Messerattacke in Lübeck "Die Passagiere schrien. Es war furchtbar"
Nach der Messerattacke in Lübeck rätseln die Ermittler über das Motiv. In einem Linienbus spielten sich dramatische Szenen ab. Möglicherweise hätte der Übergriff weitaus schlimmer ausgehen können.
Voll besetzt ist der weiße Linienbus auf dem Weg von Lübeck ins Ostseebad Travemünde unterwegs. Viele Menschen sind am frühen Freitagnachmittag auf dem Weg ins Wochenende. Einige wollen möglicherweise zur Travemünder Woche, die am Abend eröffnet werden soll. Plötzlich spielen sich im dem Bus der Linie 30 auf der Travemünder Landstraße im Stadtteil Kücknitz dramatische Szenen ab.
Kurz vor der Haltestelle Bahnhof Kücknitz sticht einer der Fahrgäste mit einem Messer auf andere Fahrgäste ein. Um 13.47 Uhr wird die Polizei alarmiert. Der Fahrer reagiert geistesgegenwärtig: Er stoppt den Bus und öffnet die Türen, damit die Menschen fliehen können. Dann können andere Mitfahrer den Angreifer überwältigen.
Täter stammt angeblich aus dem Iran
Beamte nehmen den mutmaßlichen Täter kurze Zeit später fest, sperren die Umgebung der Bushaltestelle weiträumig ab. Der Täter befinde sich in Polizeigewahrsam, sagt Ulla Hingst, Sprecherin der Lübecker Staatsanwaltschaft.
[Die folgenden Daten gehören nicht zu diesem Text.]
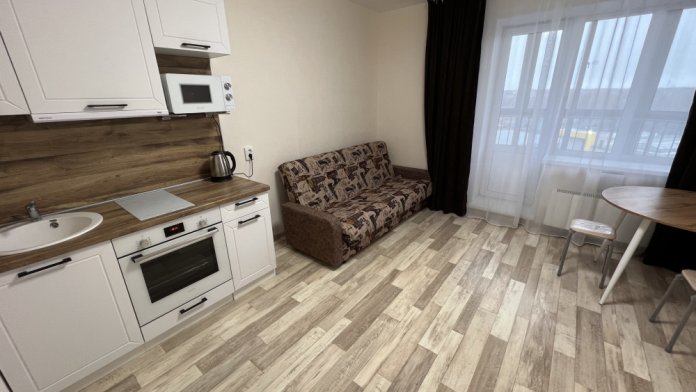 В квартире установлена новая современная мебель и техника, в прихожей большой вместительный шкаф, в ванной новая стиральная машина. Установлен современный кухонный гарнитур с новой встраиваемой техникой. Есть все для комфортного проживания (включая полотенца и постельное белье), чайник, холодильник, духовой шкаф, варочная панель, вытяжка, микроволновка, диван, стол, посуда, все новое.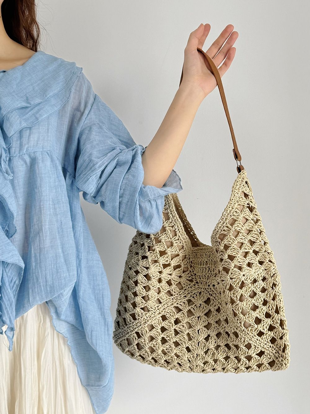 Women’s Crochet Hollow Out Beach Bag Woven Tote Large Capacity Shoulder Bag Summer Vacation Style Handbag for Travel, Holiday, Shopping, Casual Use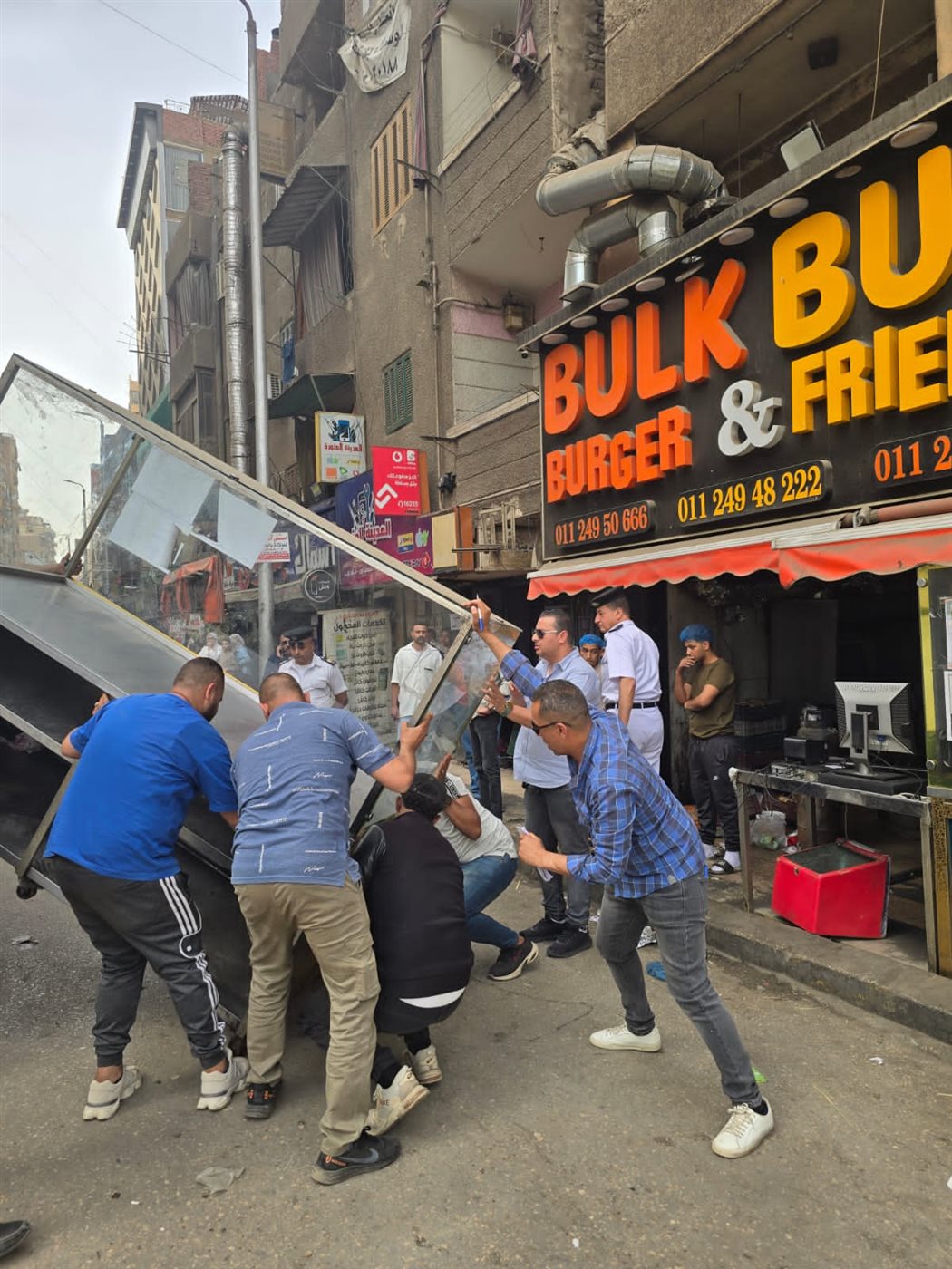 كما ضمت الحملات رفع حوالي ٣٠٠ حالة إشغال للطريق العام من محال الخضروات والفواكه بمدخل منطقة الطوابق وتعديات للباعة الجائلين والمحال العامة والمطاعم وعربات المأكولات بشارع المنشية وكعبيش فيصل وقد تم مصادرة الإشغالات وتحقيق الانضباط بالشارع .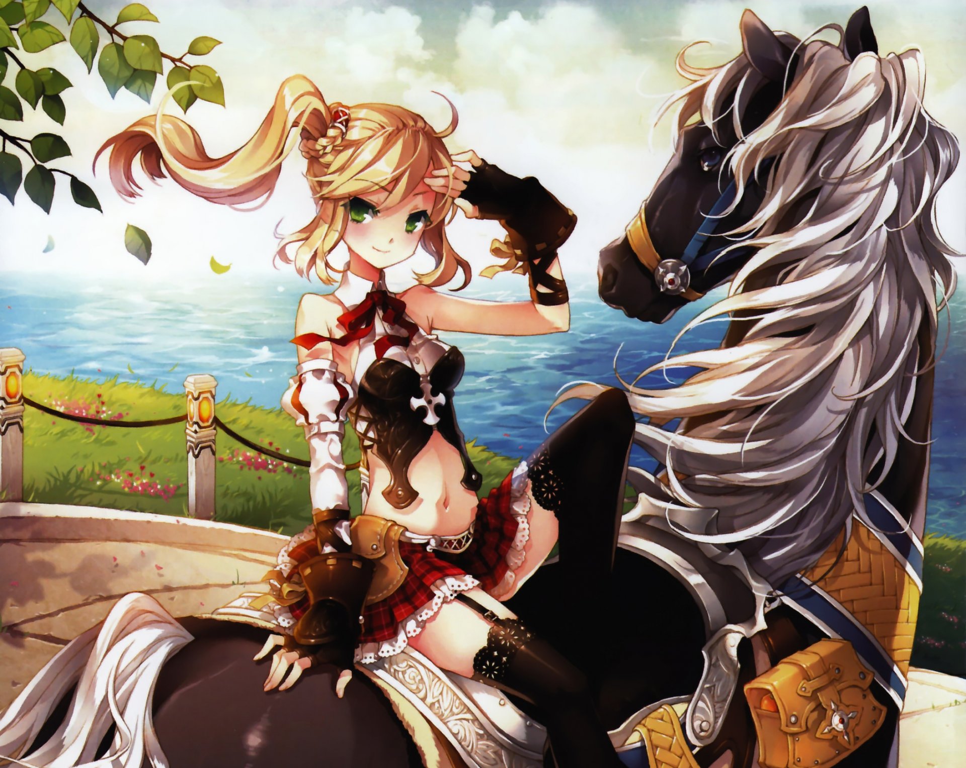 Blonde anime auf einem schwarzen Pferd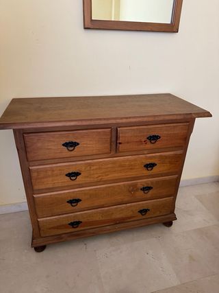 Cómoda de madera con cajones más espejo a juego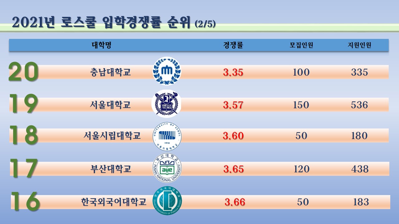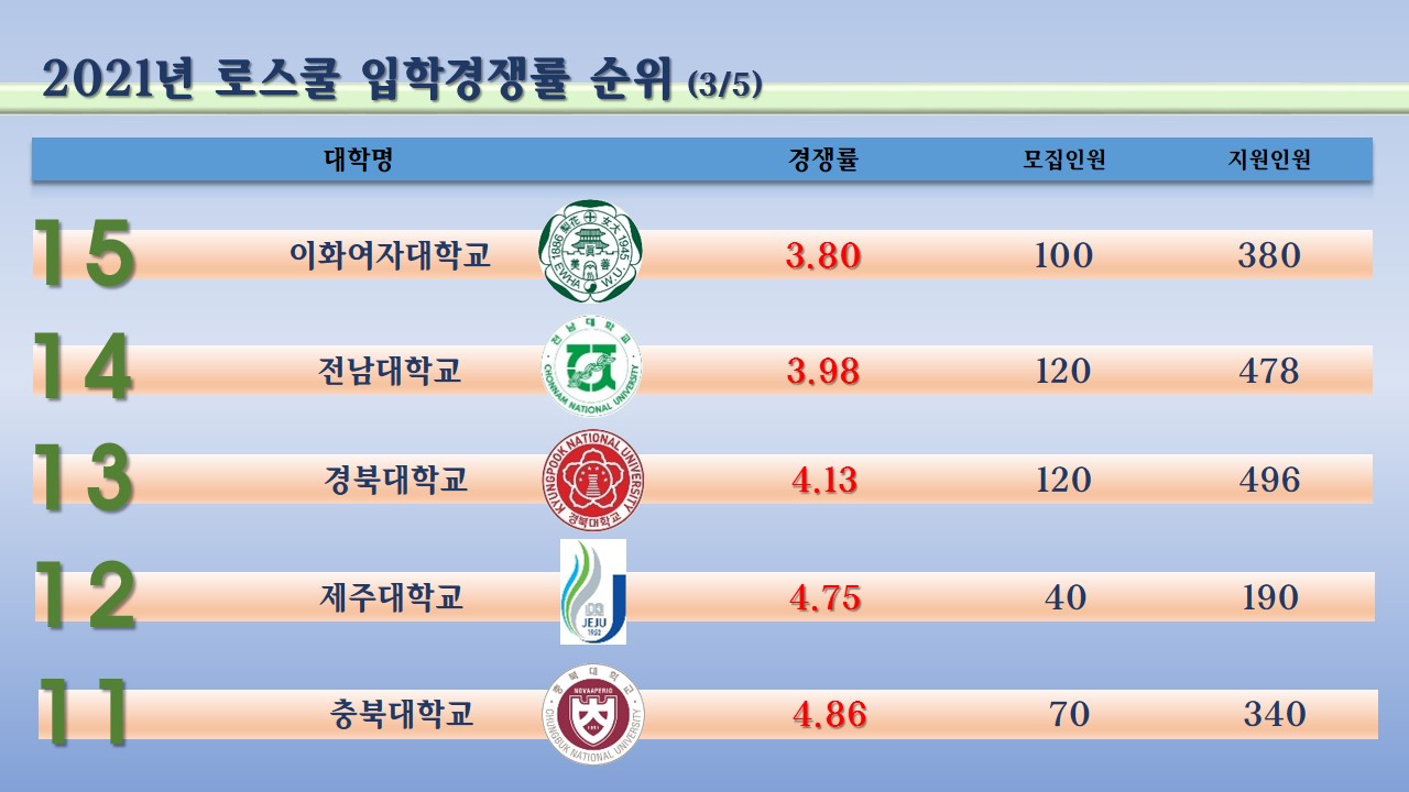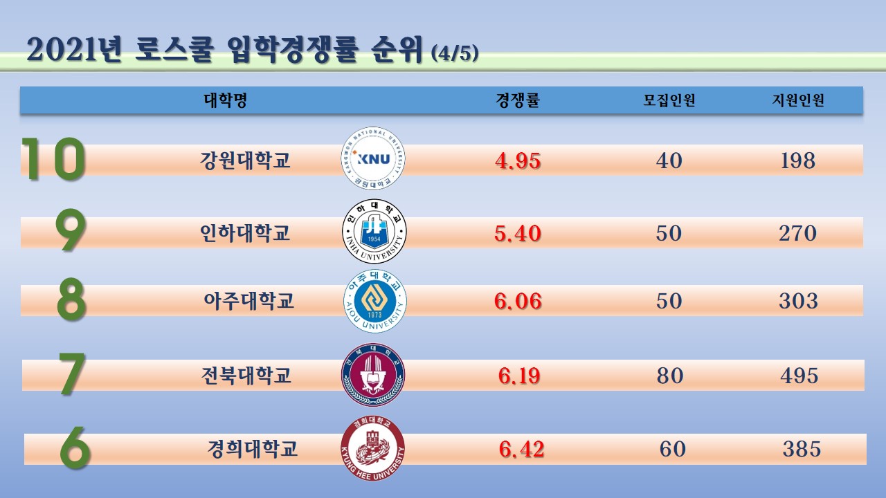 이상의 내용으로 로스쿨에 대한 경쟁률을 확인해 보셨는데요.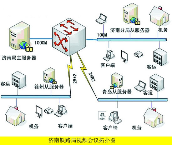 由于路局改革后組織結(jié)構(gòu)的特點(diǎn),決定了跨地域會(huì)議較多,如濟(jì)南和徐州、青島之間召開的部門級別的會(huì)議比較頻繁,加上三地之間的帶寬制約,本方案采用了主從服務(wù)器的系統(tǒng)架構(gòu),1主3從,主服務(wù)器設(shè)置在路局網(wǎng)絡(luò)中心,原來濟(jì)南分局位置設(shè)置1臺(tái)從服務(wù)器,負(fù)責(zé)濟(jì)南地區(qū)的內(nèi)部會(huì)議,以及與其他2地的遠(yuǎn)程會(huì)議,同樣徐州、青島也各設(shè)置1臺(tái)從服務(wù)器。
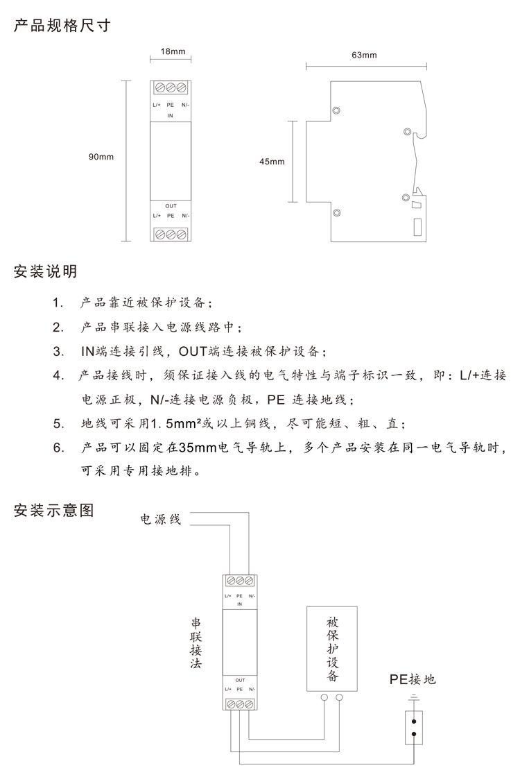 恒立信白色导轨串联高负载交直流电源浪涌保护器(5V~24V)1ns 10kA 5A DY-PRO

Und Schleswig-Holsteins Innenminister Hans-Joachim Grote (CDU) sagt am späten Nachmittag bei einem Besuch des Tatorts: "Mein letzter Stand ist, dass es neun Verletzte gibt: sechs durch Messerverletzungen."
Die Hintergründe der Tat und auch ihr genauer Ablauf sind am frühen Freitagabend noch unklar. Bei dem mutmaßlichen Täter handelt es sich laut Staatsanwaltschaft um einen 34 Jahre alten deutschen Staatsangehörigen. Laut "Lübecker Nachrichten" und "Bild" stammt er ursprünglich aus dem Iran, soll aber schon seit Jahren in Lübeck gelebt haben. Der mutmaßliche Täter hatte einen Rucksack dabei, der im Bus angezündet wurde. Darin war Brandbeschleuniger.
"Da stach der Täter ihn in die Brust"
Er habe furchtbares Geschrei gehört, sagt Anwohner Lothar Heuer. "Als ob zwei Völker aufeinander losgehen." Dann sei er zum Helfen losgeeilt. Die "Lübecker Nachrichten" zitieren eine Augenzeugin des Geschehens: "Eines der Opfer hatte gerade seinen Platz einer älteren Frau angeboten, da stach der Täter ihn in die Brust. Es war ein Gemetzel." Die Augenzeugin wird nach der Gewalttat von der Polizei betreut. Ein Anwohner schildert das Geschehen so: "Die Passagiere sprangen aus dem Bus und schrien. Es war furchtbar."
Rätselraten herrscht am Freitagabend noch über die Motive des mutmaßlichen Täters. "Nichts ist auszuschließen, auch kein terroristischer Hintergrund", sagt Hingst. Es gebe aber keine solchen Hinweise. Weitere Erkenntnisse erhoffen sich die Beamten von der für den Abend geplanten Vernehmung des Mannes.
Bisher keine Hinweise auf Radikalisierung
Innenminister Grote und Lübecks Bürgermeister Jan Lindenau (SPD) machen sich am Tatort selbst ein Bild von der Lage. Lindenau spricht anschließend von "einer entsetzlichen Tat". Grote war ohnehin bereits in der Gegend. Er wollte ursprünglich an der Eröffnung der Travemünder Woche teilnehmen. Das wäre nach der Gewalttat in dem Bus aber "wirklich fehl am Platze", sagt er.
Nun recherchieren die Ermittler den Hintergrund des mutmaßlichen Täters. "All dieses läuft momentan, sowohl mit der Polizei als auch dem Verfassungsschutz", sagt Grote. Die Behörden prüften, ob es verdächtige Verbindungen des Mannes gebe. "Aber nach derzeitigem Stand ist dies zumindest jetzt nicht bekannt." Auch nach Angaben der Staatsanwaltschaft gibt es keine Hinweise auf eine Radikalisierung des mutmaßlichen Täters.
Nachdem der Bus am frühen Abend abgeschleppt wird, bleibt weißes Löschmittel auf der Travemünder Allee zurück. Dort hatte der Bus während des Angriffs gehalten.